Yesterday was the first day of classes at the school where I used to teach. I know that I made the right decision to leave, but I still miss it, especially the students. So a bit of nostalgia feels entirely in order right about now.
Being a Catholic school, we were expected to begin each class with a prayer. Rather than having the students mindlessly recite an "Our Father", I liked to use a song as a reflection on that day's lesson topic. In the last few years, the very first song I played was "Breath of Heaven" by Amy Grant, from her 1992 Christmas album. It imagines Mary's thoughts and emotions as the birth of Jesus draws near.
I have traveled many moonless nights, cold and weary with a babe inside, and I wonder what I’ve done. Holy Father you have come and chosen me now to carry your son.
I am waiting in a silent prayer. I am frightened by the load I bear. In a world as cold as stone, must I walk this path alone. Be with me now; be with me now.
Breath of Heaven, hold me together, be forever near me, Breath of Heaven. Breath of Heaven, lighten my darkness, pour over me your holiness for you are holy, Breath of Heaven.

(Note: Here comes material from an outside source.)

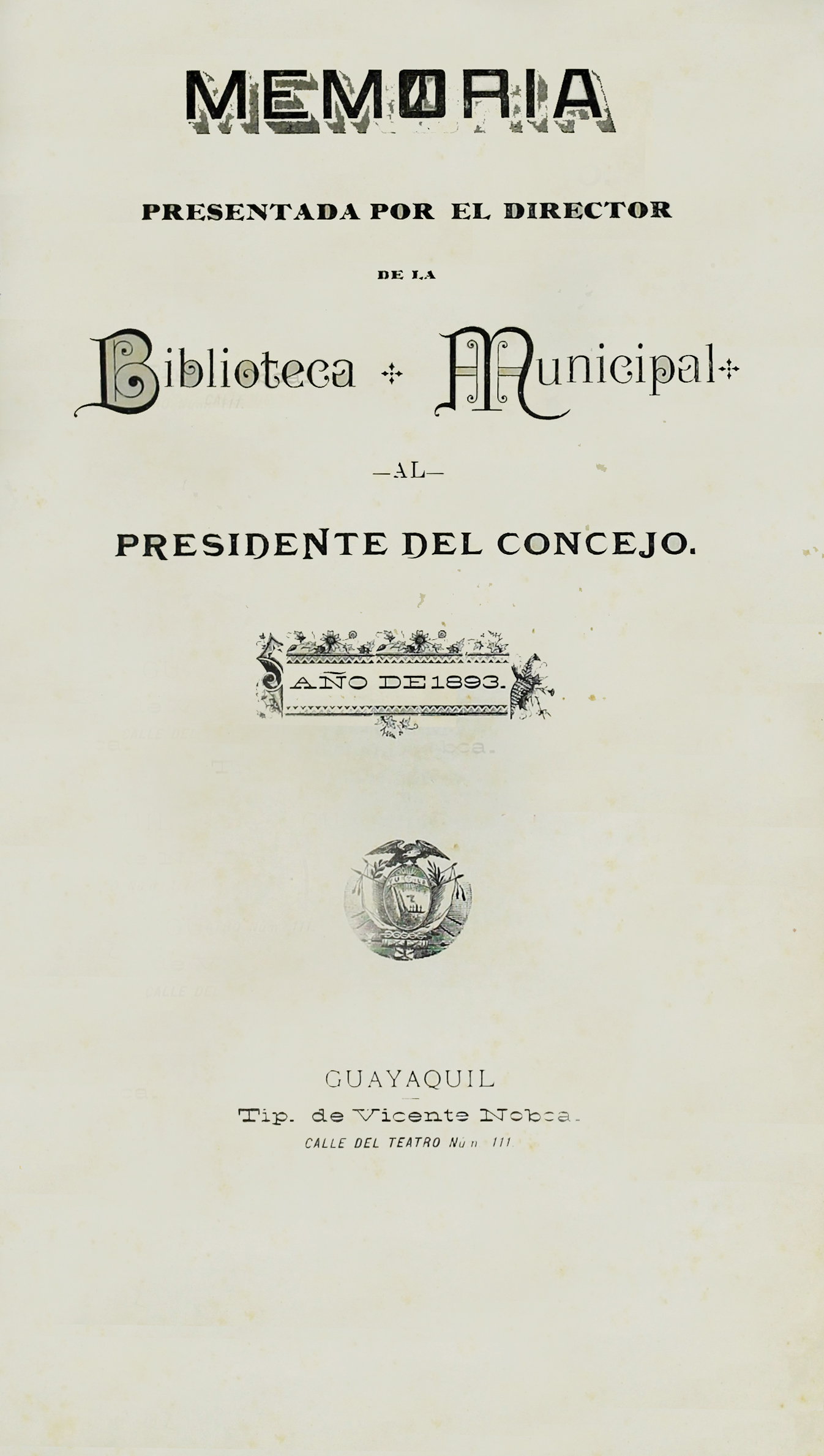 Biblioteca Municipal de Guayaquil. 1893. Memoria presentada por el Director de la Biblioteca Municipal al Presidente del Concejo : Año 1893. Guayaquil, Ecuador : Tip. de Vicente Noboa.
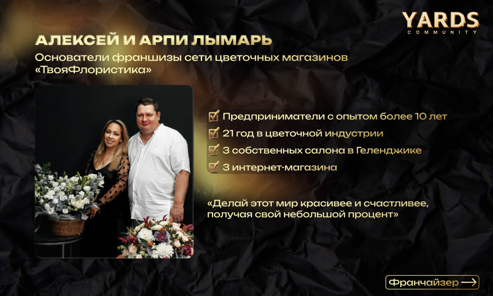 Цветочный бизнес часто воспринимают как локальный проект — салон у дома, который работает для своего города. Однако всё больше предпринимателей рассматривают эту нишу как основу для масштабируемой модели. Один из таких примеров — семейный бизнес Алексея и Арпи Лымарь, основателей сети цветочных магазинов «ТвояФлористика» из Геленджика.

Do you wonder as you watch my face, if a wiser one should have had my place? But I offer all I am for the mercy of your plan. Help me be strong; help me be; help me.
I used these words in the past to begin a very long conversation with my students on the meaning and practice of faith. I use them today to remind myself about the kind of faith I aspire to live. As I wrote on Wednesday's "Good News" post for the Solemnity of the Assumption, Sister Mary is the ultimate model of fidelity to God's love.